What if the classification was de novo?

It is not possible to obtain FDA 510(k) clearance on a medical device product following FDA 820.30 without having a quality system in place that meets the rest of the Quality Management System (QMS) requirements. The Quality System (QS) Regulation requires manufacturers to establish and follow quality systems to ensure that their products consistently meet applicable requirements and specifications (FDA CP 7382.845, A. THE QUALITY SYSTEM (QS) REGULATION, 3).

For a de novo classification, FDA may inspect relevant facilities to determine if the implementation of Quality System Regulation (part 820 of this chapter) requirements, in addition to other general controls and any specified special controls, provide adequate assurance that critical and/or novel manufacturing processes produce devices that meet specifications necessary to ensure reasonable assurance of safety and effectiveness (21 CFR 860.240(c)).

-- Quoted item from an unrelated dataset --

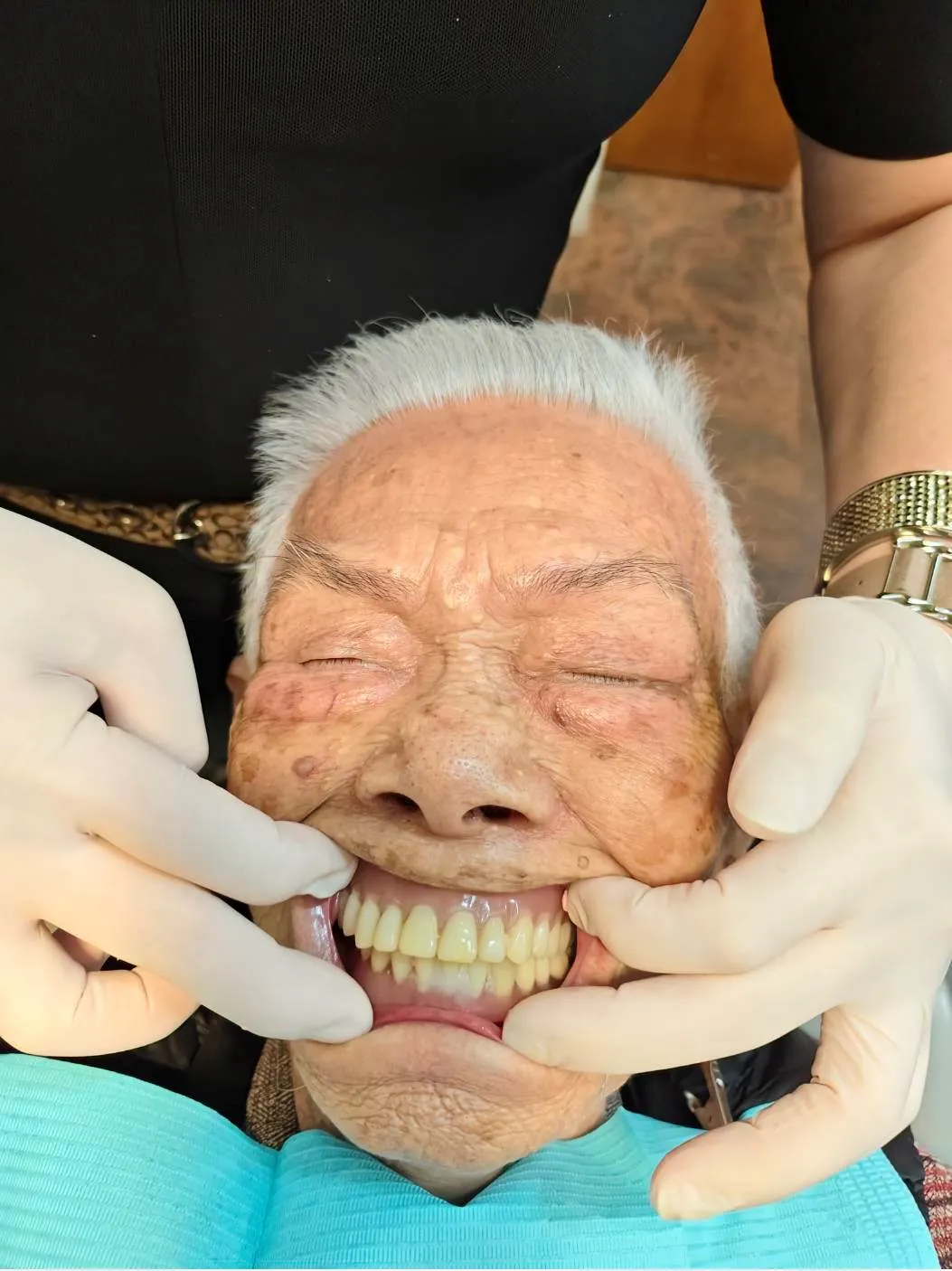 我是阿鳳的媳婦,帶著婆婆來看楊醫師,婆婆現已98歲,經過楊醫師保留下面唯一一顆牙齒,做成磁鐵,感謝醫師現在吃東西方便多了,不用一直吃粥,吃飯吃菜也都沒問題了,婆婆才有營養,她的媽媽也活到104歲,我想我婆婆也可以。

Regarding the Design History File (DHF), it should document or reference the documentation of the activities carried out to meet the design plan and requirements of Sec. 820.30. A DHF is necessary for each type of device developed (Medical Devices; Current Good Manufacturing Practice (CGMP) Final Rule; Quality System Regulation, 61 FR 52602 (V)(C)(91)). The complete history of the design process should be documented in the DHF (Medical Devices; Current Good Manufacturing Practice (CGMP) Final Rule; Quality System Regulation, 61 FR 52602 (V)(C)(92)).

If you want to sell the device to another legal manufacturer after obtaining clearance, you must ensure that the FDA-assigned premarket submission number of the cleared premarket notification is included in the device listing (21 CFR 807.25(g)(4)).